ECLI:NL:TADRAMS:2010:YA0627 Raad van Discipline Amsterdam 09-285U

ECLI: ECLI:NL:TADRAMS:2010:YA0627
Datum uitspraak: 11-05-2010
Datum publicatie: 21-05-2010
Zaaknummer(s): 09-285U
Onderwerp:
  • Zorg voor de cliënt, subonderwerp: Vereiste communicatie met de cliënt
  • Zorg voor de cliënt, subonderwerp: Kwaliteit van de dienstverlening
  • Zorg voor de cliënt, subonderwerp: Kwaliteit van de dienstverlening
  • Zorg voor de cliënt, subonderwerp: Kwaliteit van de dienstverlening
  • Zorg voor de cliënt, subonderwerp: Financiën
  • Maatregelen, subonderwerp: Artikel 48b Advocatenwet
Beslissingen:
Inhoudsindicatie: Klacht tegen eigen advocaat. Eerst na een duidelijke opdracht kan een advocaat gehouden zijn een derde aansprakelijk te stellen. Klachtonderdeel ongegrond. Advocaat heeft klager er expliciet op gewezen dat het niet insturen van de gegevens aan de Raad voor Rechtsbijstand door klager tot afwijzing van het toevoegingsverzoek kan leiden. Zolang klager niet aan de redelijke voorwaarden van de advocaat voldoet (bespreking op kantoor en het betalen van een voorschot) behoeft de advocaat niet aan de opdracht te beginnen. Klachtonderdeel ongegrond. Indien klager over alle stukken beschikt, behoeft de advocaat zijn dossier niet af te geven ten behoeve van second opinion. klachtonderdeel ongegrond.

RAAD VAN DISCIPLINE

in het ressort Amsterdam

BESLISSING d.d. 11 mei 2010

in de zaak 09-285U

De raad heeft het volgende overwogen en beslist naar aanleiding van de klacht van:

De heer

k l a g e r

tegen:

De heer mr.

v e r w e e r d e r

1. Verloop van de procedure

1.1 Bij brief van 13 oktober 2009, bij de raad binnen gekomen op 15 oktober 2009, heeft de deken van de orde van advocaten in het arrondissement Utrecht de klacht ter kennis van de raad gebracht.

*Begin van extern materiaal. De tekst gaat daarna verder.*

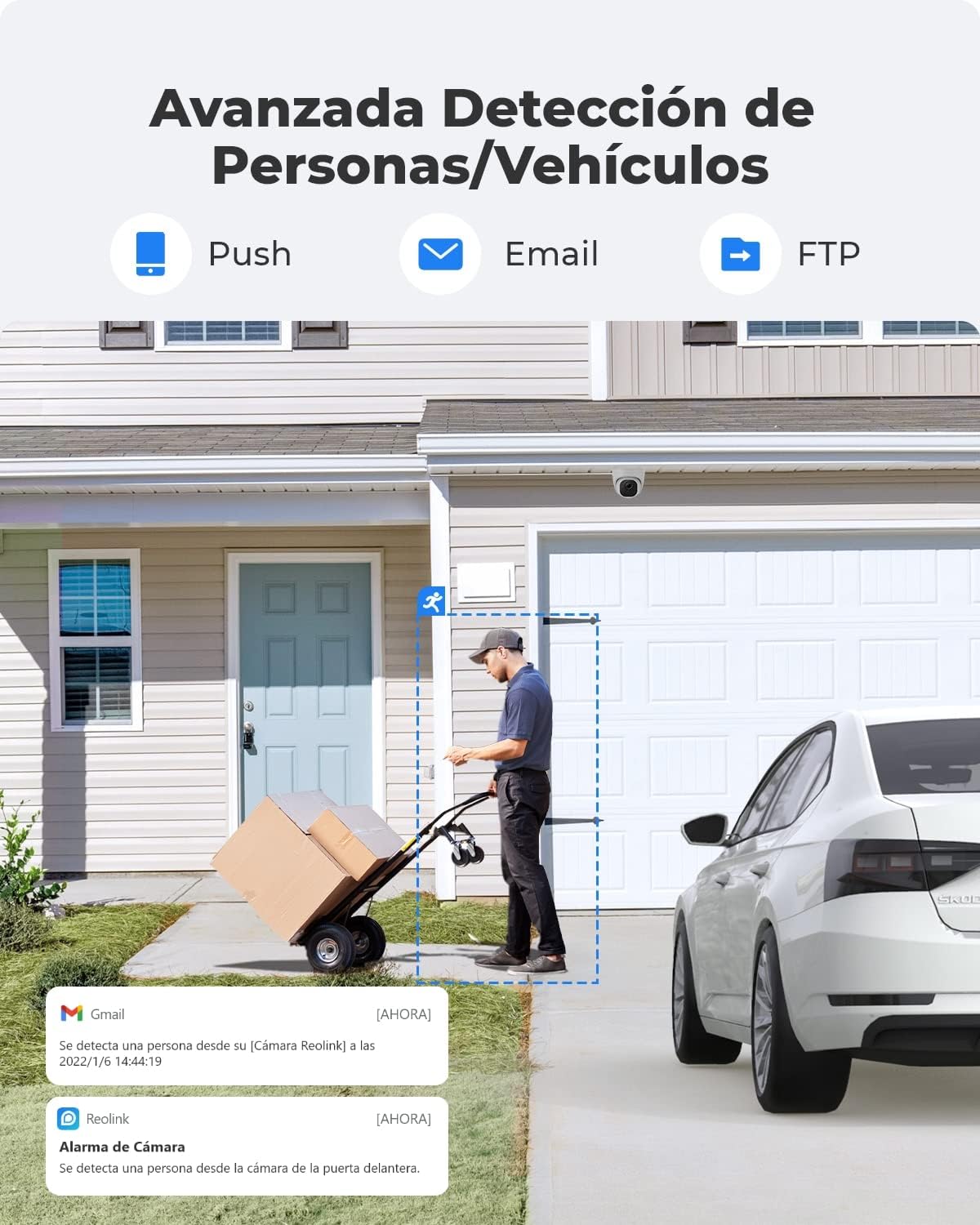 Una de las características más sobresalientes de la Reolink 5MP PoE es su avanzada capacidad de detección de personas y vehículos, lo que permite al usuario filtrar las alertas de movimiento según el tipo específico de actividad detectada. Esto no solo ayuda a reducir las falsas alarmas, sino que también proporciona una vigilancia más precisa y eficiente.

1.2 De klacht is behandeld ter zitting van 2 maart 2010. Klager heeft de raad laten weten niet bij de behandeling aanwezig te kunnen zijn. Verweerder is in persoon verschenen. Van de be-handeling is proces-verbaal opgemaakt.

1.3 De raad heeft kennis genomen van de genoemde brief van de deken aan de raad en van de stukken genummerd 1 tot en met 14, genoemd in de bij die brief gevoegde inventarislijst.

2. De klacht

2.1 De klacht houdt zakelijk weergegeven in dat verweerder in strijd met artikel 46 Advocatenwet heeft gehandeld doordat hij:

a) de belangen van klager niet voldoende heeft behartigd door te verzuimen mr. A. aansprakelijk te stellen voor de schade die klager heeft geleden als gevolg van de wijze waarop mr. A. met de behandeling van klagers zaak en de daarvoor verleende toevoeging is omgegaan;

b) in 2007 heeft verzuimd een toevoeging aan te vragen voor de zaak tegen de gemeen-te IJsselstein en dat eerst in 2008 heeft gedaan met als gevolg dat dat jaar als peiljaar geldt en klager daardoor niet aanmerking komt voor de verlangde toevoeging. Te-vens heeft verweerder verzuimd bezwaar tegen de afwijzing van de toevoeging te maken;

c) in het geschil tussen klager en GSM B.V. geen (rechts)maatregelen heeft genomen waardoor verweerder in strijd heeft gehandeld met zijn zorgplicht en de over-eenkomst van opdracht;

d) in het geschil met de heer B. geen (rechts)maatregelen heeft genomen waardoor verweerder in strijd heeft gehandeld met zijn zorgplicht en de overeenkomst van op-dracht;

e) heeft geweigerd een dossier met betrekking tot een geschil met de Belastingdienst aan een derde advocaat over te dragen ten behoeve van een second opinion.

2.2 Klager heeft voorts op de voet van artikel 48b Advocatenwet verzocht te bepalen dat verweerder aan klager diens gemaakte reis- en telefoonkosten moet vergoeden.

3. Feiten

3.1 Voor de beoordeling van de klacht kan, gelet op de stukken en hetgeen ter zitting is verklaard, van het volgende worden uitgegaan.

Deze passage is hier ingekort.